The COP presidency has agreed to hold a trade day at the international climate meeting in Dubai.

Shipping levy

Ahead of the Paris summit, the Solomon Islands and the Marshall Islands had proposed a levy on shipping emissions to help fund climate action in the developing world. Sustainable Views understands that the idea received the full backing of the EU and its 27 member states, while other countries, including South Korea and Kenya, expressed general support for some kind of tax or levy on international shipping.

China and the US are not believed to be supportive of the proposal. The issue is expected to be discussed at the July meeting of the International Maritime Organization. 

The idea of an air passenger or ticket levy on flights, however, received less attention in discussions. While a shipping levy would add little if anything to consumer bills, an air ticket levy would probably have a much bigger impact on the aviation industry and flight prices, experts have said.

Meanwhile, European Commission president Ursula von der Leyen proposed that the world learn from the EU’s carbon market experiences and look at “global carbon pricing”. She highlighted that “only 4 per cent, almost nothing” of global greenhouse gas emissions are covered by carbon pricing, but that even this low level of coverage generated $55bn in 2022. 
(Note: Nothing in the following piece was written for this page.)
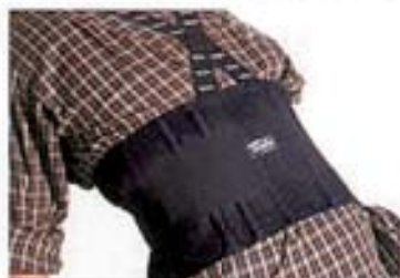
MOD. 836 • TURBO TRACK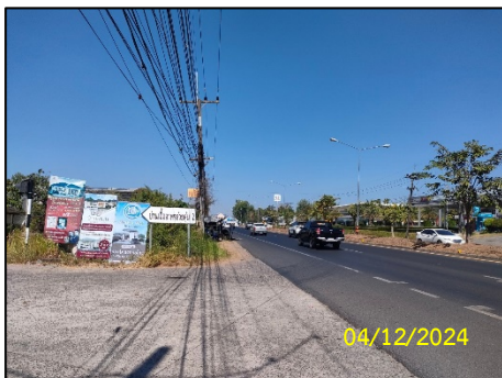
ทิศตะวันออก

“It is really worth thinking about how we could increase the level of carbon pricing,” von der Leyen said in Paris. If 60 per cent of the G20’s greenhouse gas emissions were covered by carbon pricing, “you can imagine what could be generated and how much investment this could liberate to go into climate finance”, she added.

Concrete commitments

Among the concrete commitments made in Paris include the launch of a Just Energy Transition Partnership to support Senegal’s efforts to achieve universal access to energy and a low-carbon, resilient and sustainable energy system, led by France, Germany, the EU, the UK and Canada. 

Rich nations also finally said they would meet the $100bn a year in climate finance for developing nations, promised back in 2009 to have been reached by 2020, after various countries, including France, Belgium and Switzerland, agreed to follow the example of Japan and rechannel their special drawing rights to poorer countries. 

Meanwhile, philanthropists, including the Bezos Earth Fund and conservation funds, supported by climate leaders such as US climate envoy John Kerry, agreed to lead new financing mechanisms to help protect and fund natural capital in line with the commitments of the Global Biodiversity Framework signed in Montreal at COP15 last December.

World Bank leadership

While the big question was how initiatives agreed in Paris will be developed at COP28, all eyes, in the immediate future, are on Ajay Banga, the new president of the World Bank. Banga will be expected of leading the change in the multilateral development banks that delegates at the conference agreed is so vitally needed to deal with climate change and the other crisis facing the world. 

In the final press conference, Banga suggested he is up to the challenge. “I’ve been three weeks in this job and Bretton Woods [the conference that led to the creation of the World Bank and the IMF] was created in three weeks. My honeymoon is over,” he said.

Banga reiterated the theme he touched on several times in recent days — the fact that “the global south has more young people than any part of the world”, and that tackling climate change and poverty must also be linked to employment and opportunity. “Jobs are the single best way to drive a nail into the coffin of poverty,” he said.